This comedy with social overtones fits together well enough to click with domestic audiences.

Klapisch (Russian Dolls) has an enviable track record and, with the current success of Philippe Le Guay’s The Women On The 6th Floor (Les femmes du 6e etage), there seems to be an increased appetite for revisiting the class struggle with a commercial rather than arty touch.

Although original ideas prove sparse, this comedy with social overtones fits together well enough to click with domestic audiences. Offshore prospects may be less robust, although the package is marketable. Film is part of the line-up at Tribeca and will be shown at COL-COA in Los Angeles in April.

When a film’s poster girl for the struggling proletariat is named France, subtlety is not a major concern. At the film’s outset, 1200 workers have been made redundant in the port city of Dunkirk and otherwise resilient France (Viard), a 42-year-old single mother of three, tries to kill herself because the factory where she has worked for 20 years is closing to be outsourced to China.
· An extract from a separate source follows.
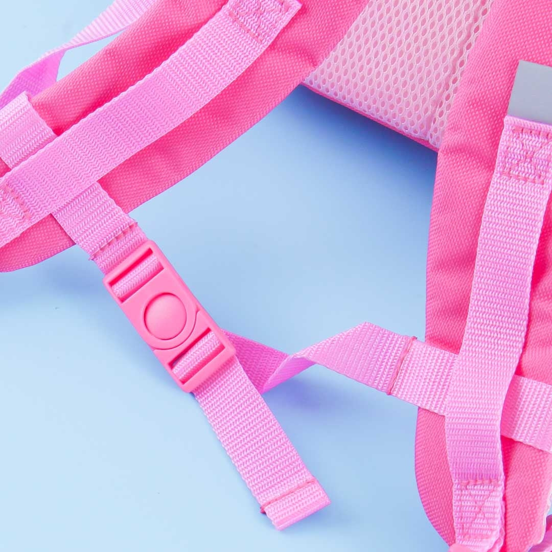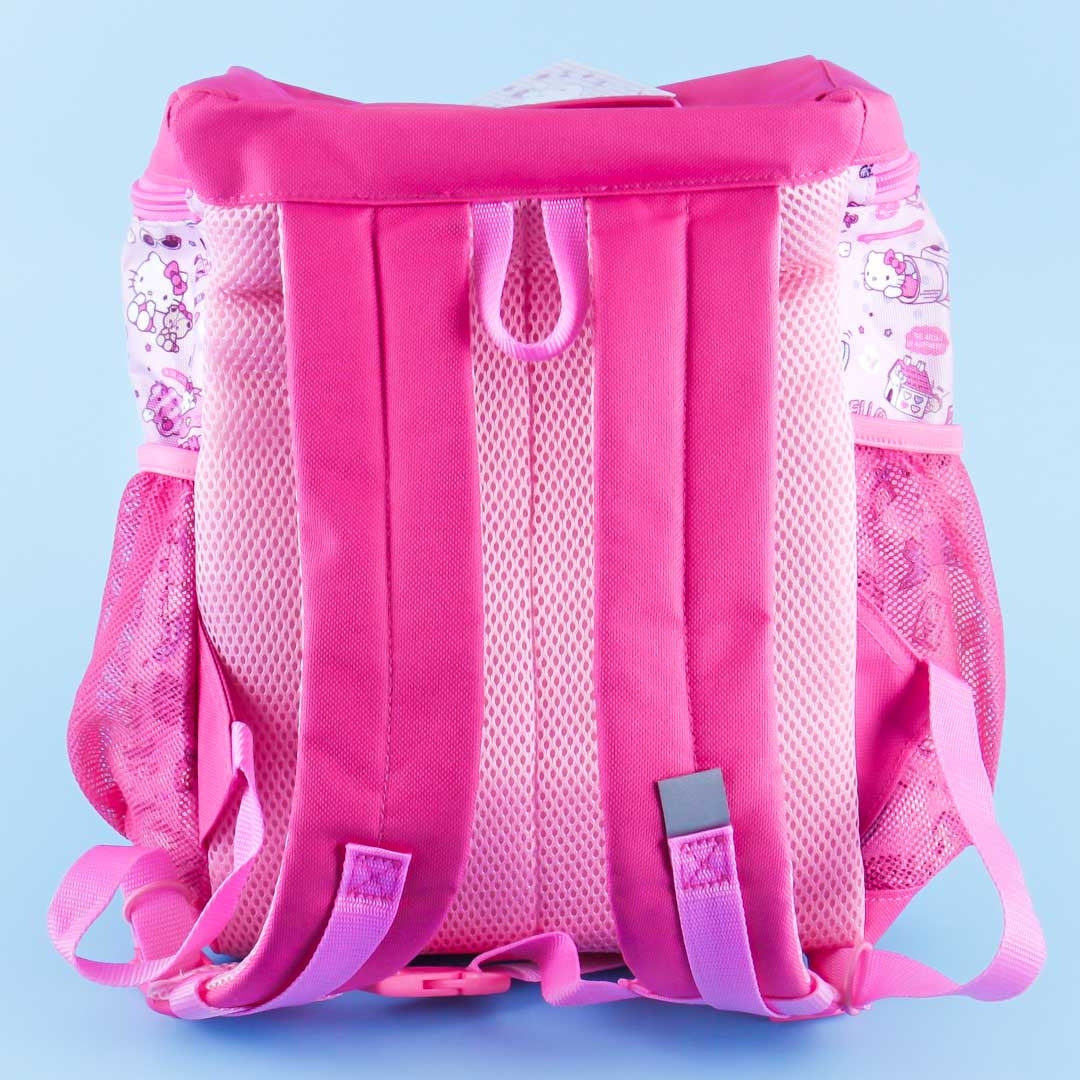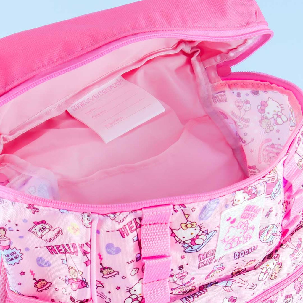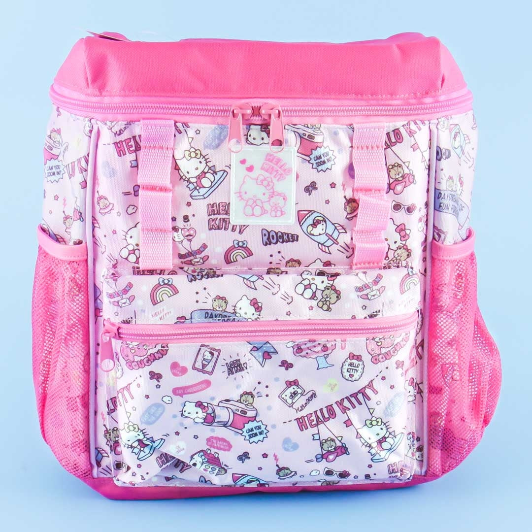 A rectangular backpack featuring Hello Kitty, rockets, swings, and rainbows

Meanwhile, Steve (Lellouche), who for the past decade has been making a fortune in finance in London, is about to return to his native Paris to continue gutting companies, betting on currency rates, and raking in the proceeds. The 35-year-old bachelor, a workaholic accustomed to all the perks money can buy, is baffled when he flies a fashion model to Venice in his private plane and yet she finds him resistible.

Determined to go where the work is, France heads for Paris to take a course on how to clean house, get a job and commute home to financially depressed Dunkirk on weekends. Film’s first good idea, roughly 25 minutes in, is to oblige her to pretend to be a foreigner with a thick accent in order to fit in as a maid - a charade she plays to the hilt but drops when she’s hired to be Steve’s cleaning woman.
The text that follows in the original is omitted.